Where the line containing "Производитель: Mark Formelle" appears, begin retyping; continue exactly through the final line of the data. Omit every picture.

● DATASET SECTION:
+ + + + + + +
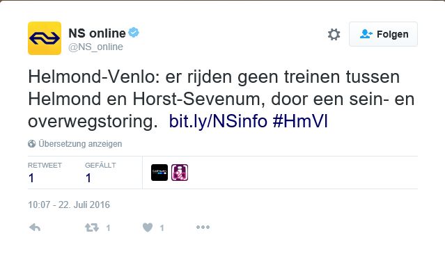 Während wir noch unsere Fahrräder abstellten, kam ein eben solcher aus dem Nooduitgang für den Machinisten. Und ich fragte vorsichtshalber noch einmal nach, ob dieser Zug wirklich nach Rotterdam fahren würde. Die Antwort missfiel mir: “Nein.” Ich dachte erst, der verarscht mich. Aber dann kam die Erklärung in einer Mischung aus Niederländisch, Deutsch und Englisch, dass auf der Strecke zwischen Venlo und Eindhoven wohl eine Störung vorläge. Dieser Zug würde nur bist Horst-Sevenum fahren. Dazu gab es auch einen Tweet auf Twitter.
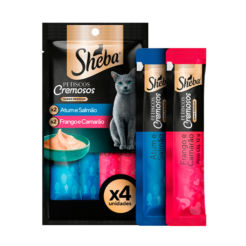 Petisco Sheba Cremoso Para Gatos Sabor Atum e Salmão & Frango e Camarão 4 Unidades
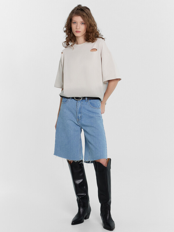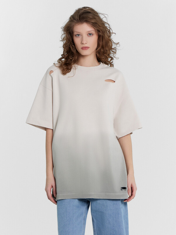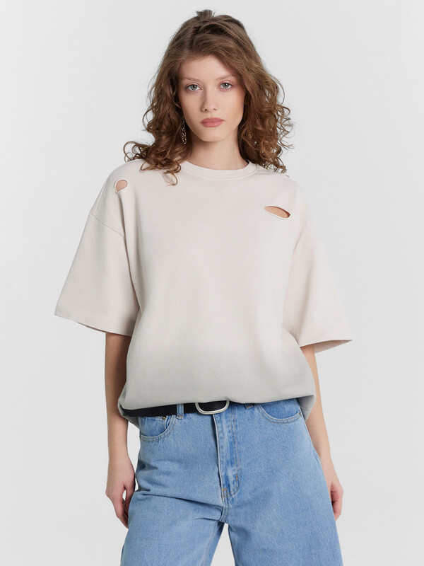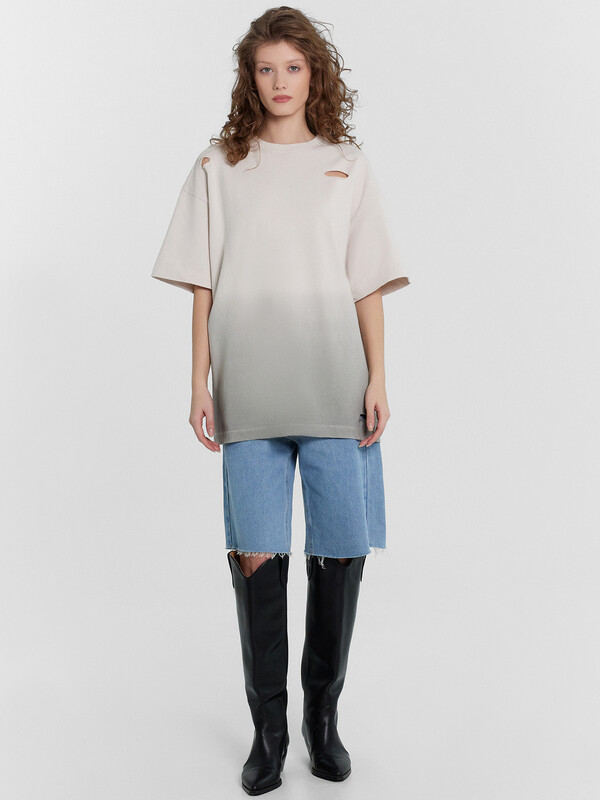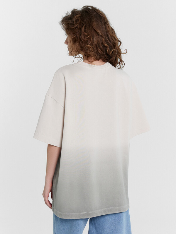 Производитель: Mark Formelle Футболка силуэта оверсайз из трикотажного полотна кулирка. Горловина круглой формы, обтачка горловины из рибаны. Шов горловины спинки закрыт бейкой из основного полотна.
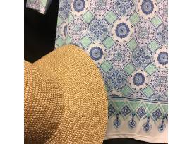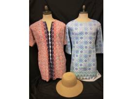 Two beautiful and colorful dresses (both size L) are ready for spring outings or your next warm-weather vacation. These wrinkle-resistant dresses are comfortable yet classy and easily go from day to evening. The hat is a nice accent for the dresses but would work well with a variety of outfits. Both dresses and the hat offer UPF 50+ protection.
+ + + + + + +
● ANSWER TO THIS EXERCISE:
 Производитель: Mark Formelle Футболка силуэта оверсайз из трикотажного полотна кулирка. Горловина круглой формы, обтачка горловины из рибаны. Шов горловины спинки закрыт бейкой из основного полотна.
 Two beautiful and colorful dresses (both size L) are ready for spring outings or your next warm-weather vacation. These wrinkle-resistant dresses are comfortable yet classy and easily go from day to evening. The hat is a nice accent for the dresses but would work well with a variety of outfits. Both dresses and the hat offer UPF 50+ protection.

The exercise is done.